## Friday, November 4, 2016

### Geometry Problem 1283 Two Equilateral Triangle, Perpendicular, Midpoint

Geometry Problem. Post your solution in the comment box below.
Level: Mathematics Education, High School, Honors Geometry, College.

Click the figure below to view more details of problem 1283.

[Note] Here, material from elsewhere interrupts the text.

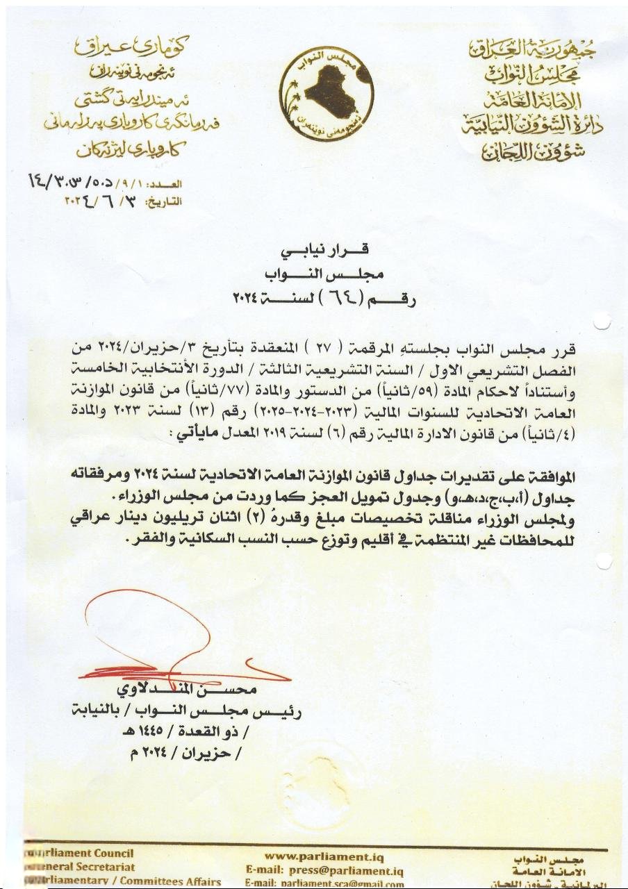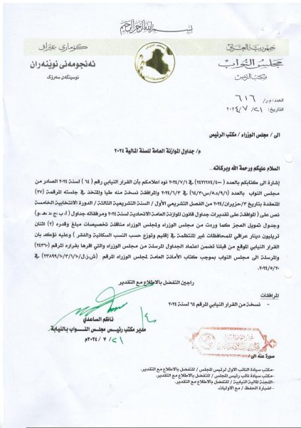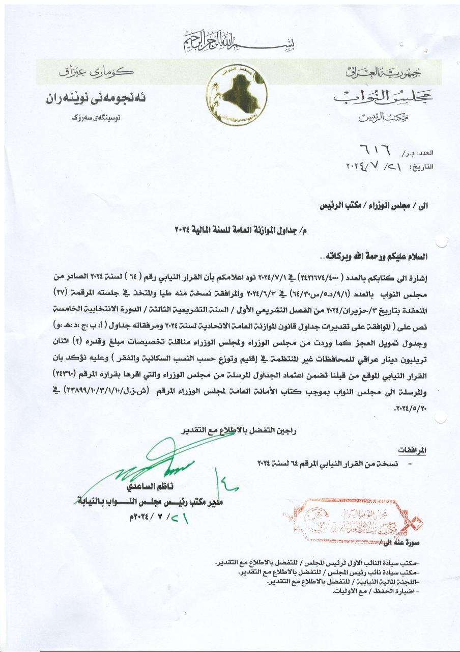 وتابع، "بهدف التأكيد على عدم اعتماد أي نسخة معدلة، عاودنا إصدار كتاب من مجلس النواب / مكتب الرئيس ذي الرقم (616) في 21/7/2024 والمرفق صورة عنه، والمرسل إلى مجلس الوزراء / مكتب الرئيس , والذي أشار و بكل وضوح إلى ( الموافقة على تقديرات جداول قانون الموازنة ومرفقاته من الجداول المذكورة أعلاه مع جدول تمويل العجز المذكور آنفاً وكذلك حق المناقلة بنفس المبلغ المثبت وهو (2) تريليون"، مشيرا إلى، "فقرة تضمنها ذات الكتاب تؤكد وبكل وضوح على (أن القرار النيابي تضمن اعتماد الجداول المرسلة من مجلس الوزراء والتي جرى إقرارها في الجلسة المنعقدة دون أي إضافات)".
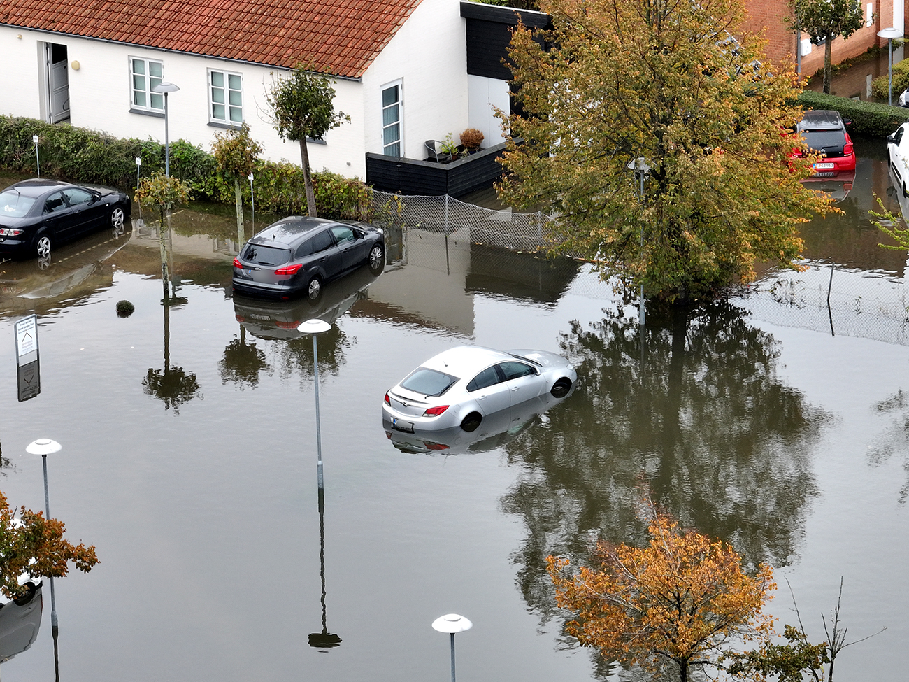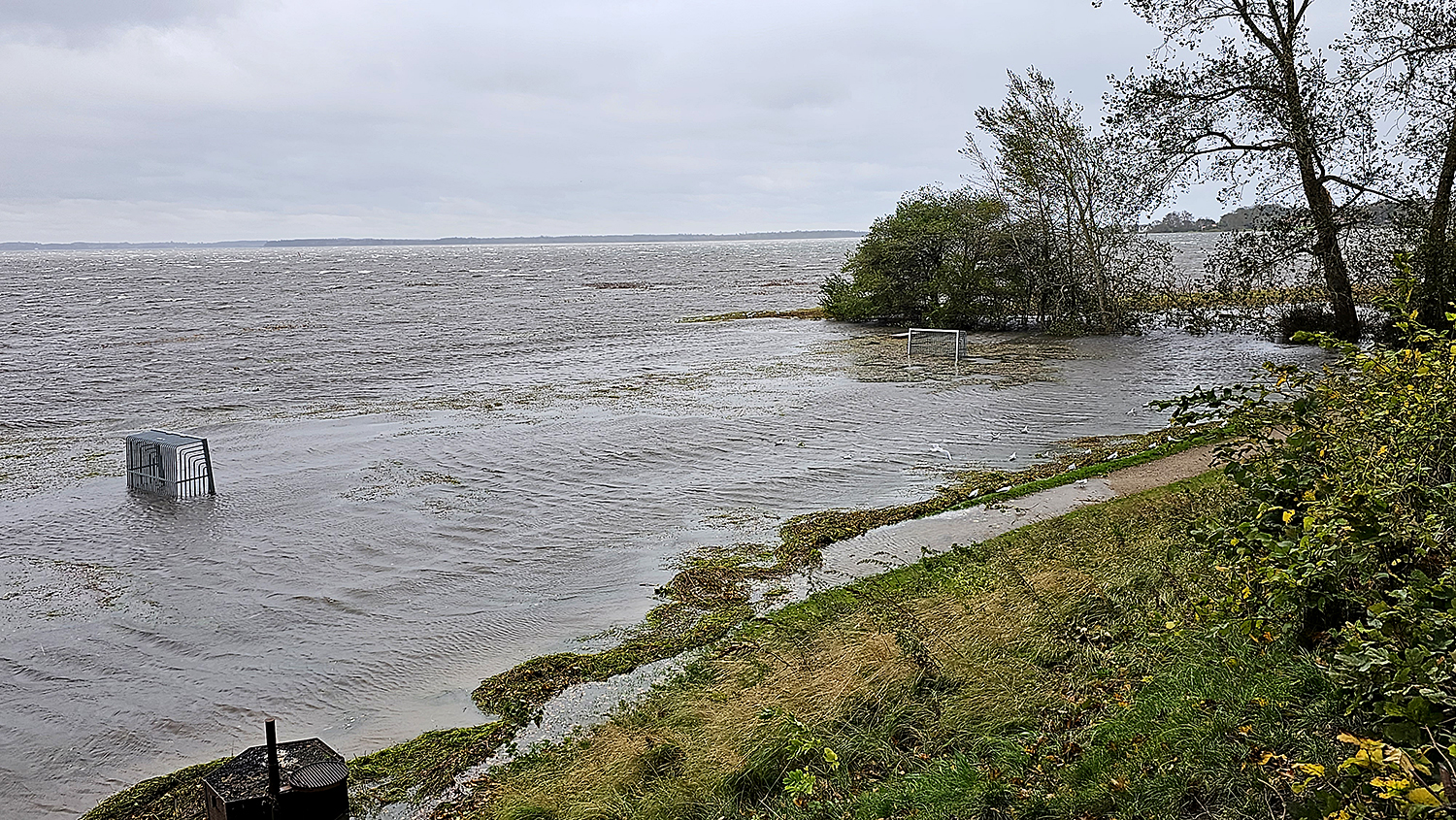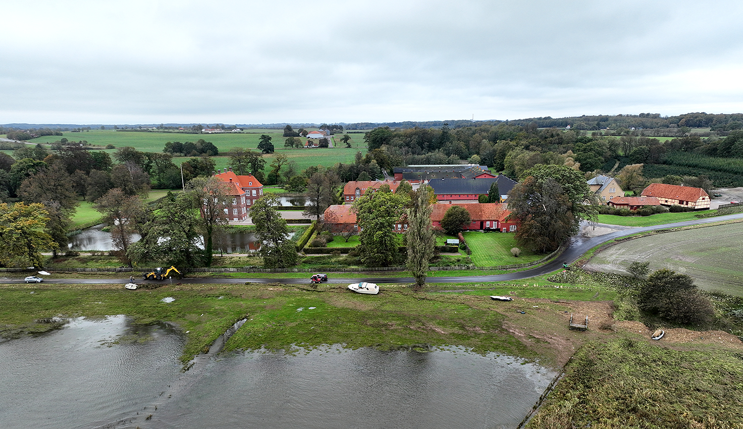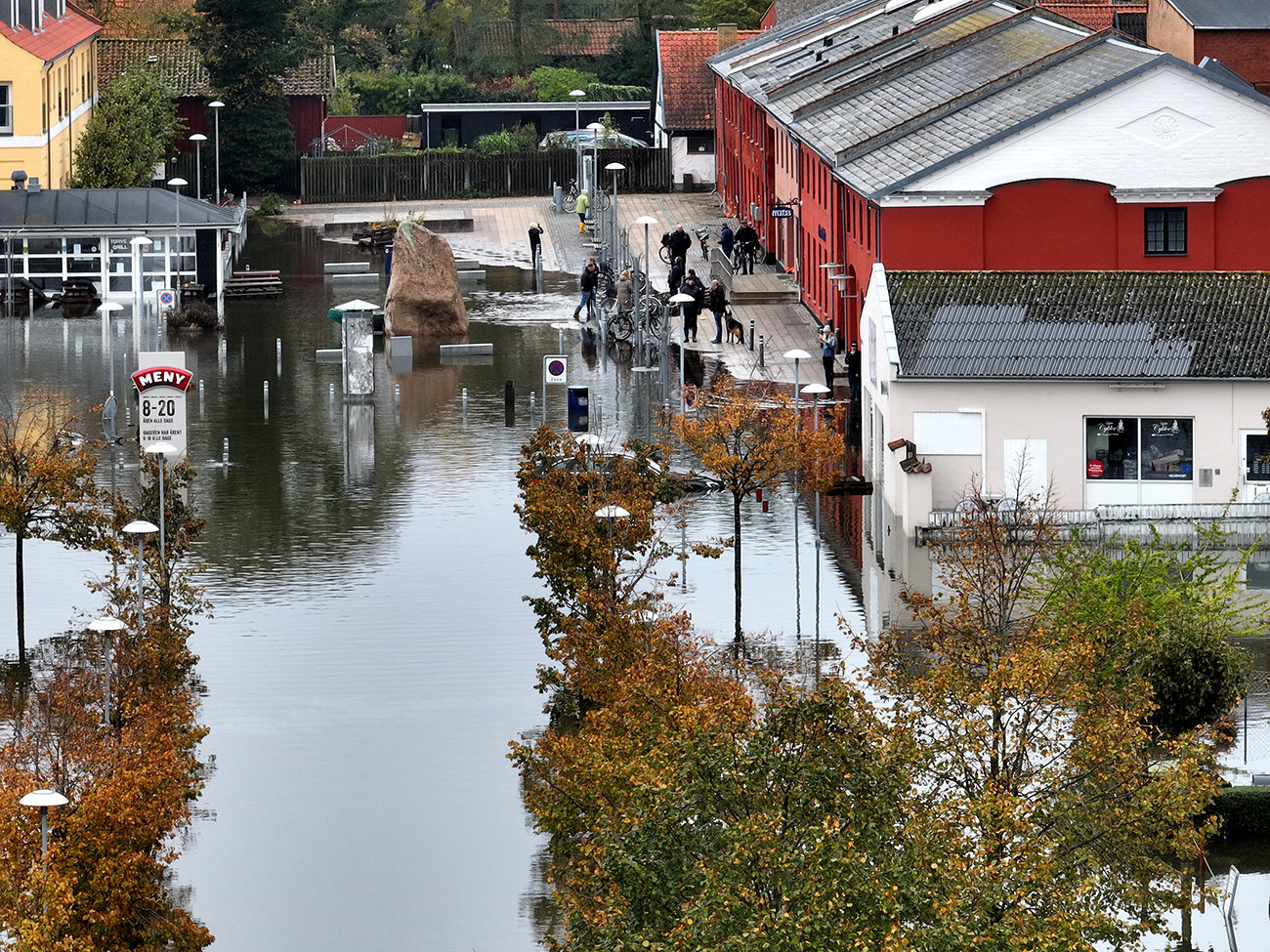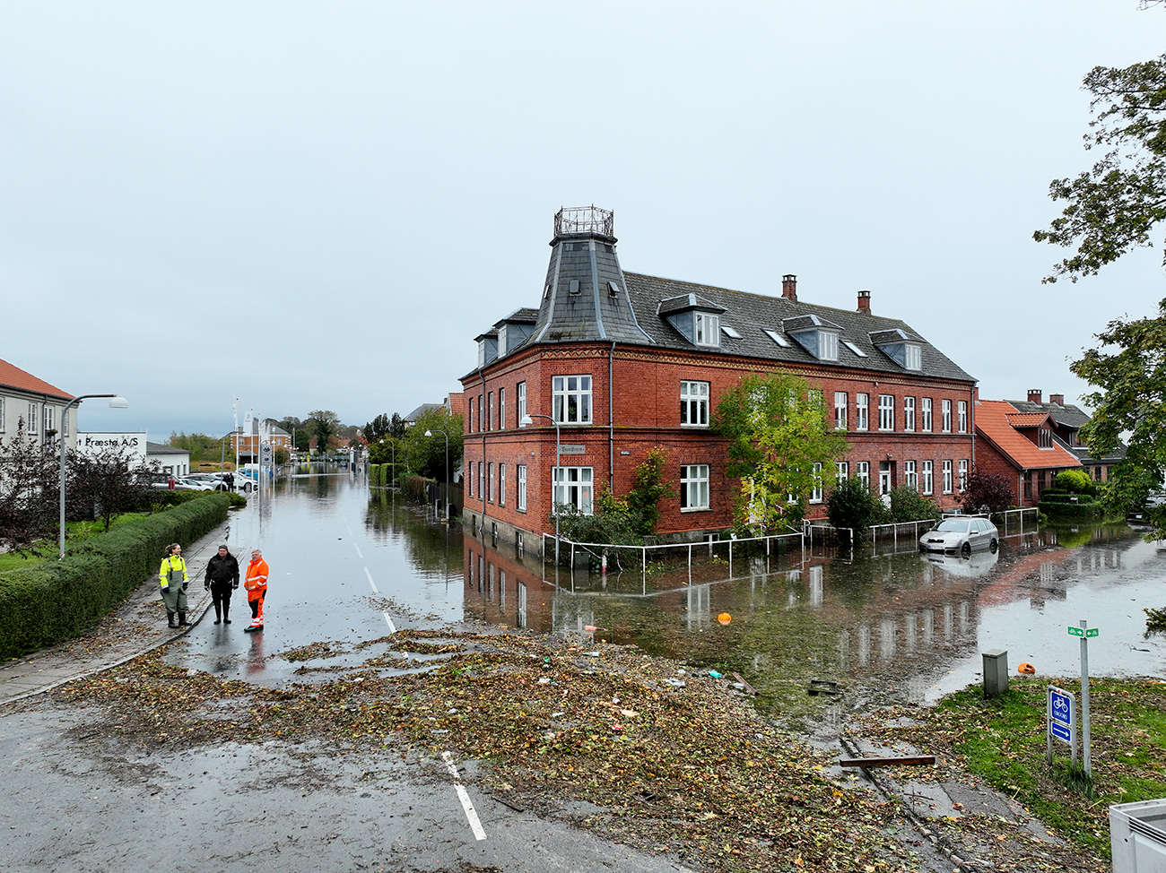 Dronen svævede over Præstø og fangede de oversvømmede gader, de opskyllede både på Nysøvej og torvet, der stod som et stille spejl over byens kamp for at komme sig.

1. https://goo.gl/photos/96rSC1H87PN4Xb7g7

Let N is the projection of M over CDE
In triangle EMD, MN is the median and altitude from M => MED is isosceles triangle
Connect CM , CM ⊥AB and BE⊥EC => quadri. CMBE is cyclic
in cyclic quadrilateral CMBE ∠MDC=∠MBC=60 degrees => Triangle EMC is equilateral

2. Problem 1283
Suppose that MN is perpendicular to CE ( DN =NE ,ABED is trapezoid ) so triangle MED is isosceles (ME=MD).But <AMC=90=<ADC then AMDC is cyclic. So <MDA=<MCA=60/2=30.
Then <MDE=90-30=60.Therefore triangle MDE is equilateral.
APOSTOLIS MANOLOUDIS 4 HIGH SCHOOL KORYDALLOS PIRAEUS GREECE

3. BECM is cyclic with BC as diameter so
< MEC = < MBC = 60

ACDM is cyclic with AC as diameter so
< MDE < MAC = 60

So 2 angles of Tr. MDE = 60 and is hence equilateral

Sumith Peiris
Moratuwa
Sri Lanka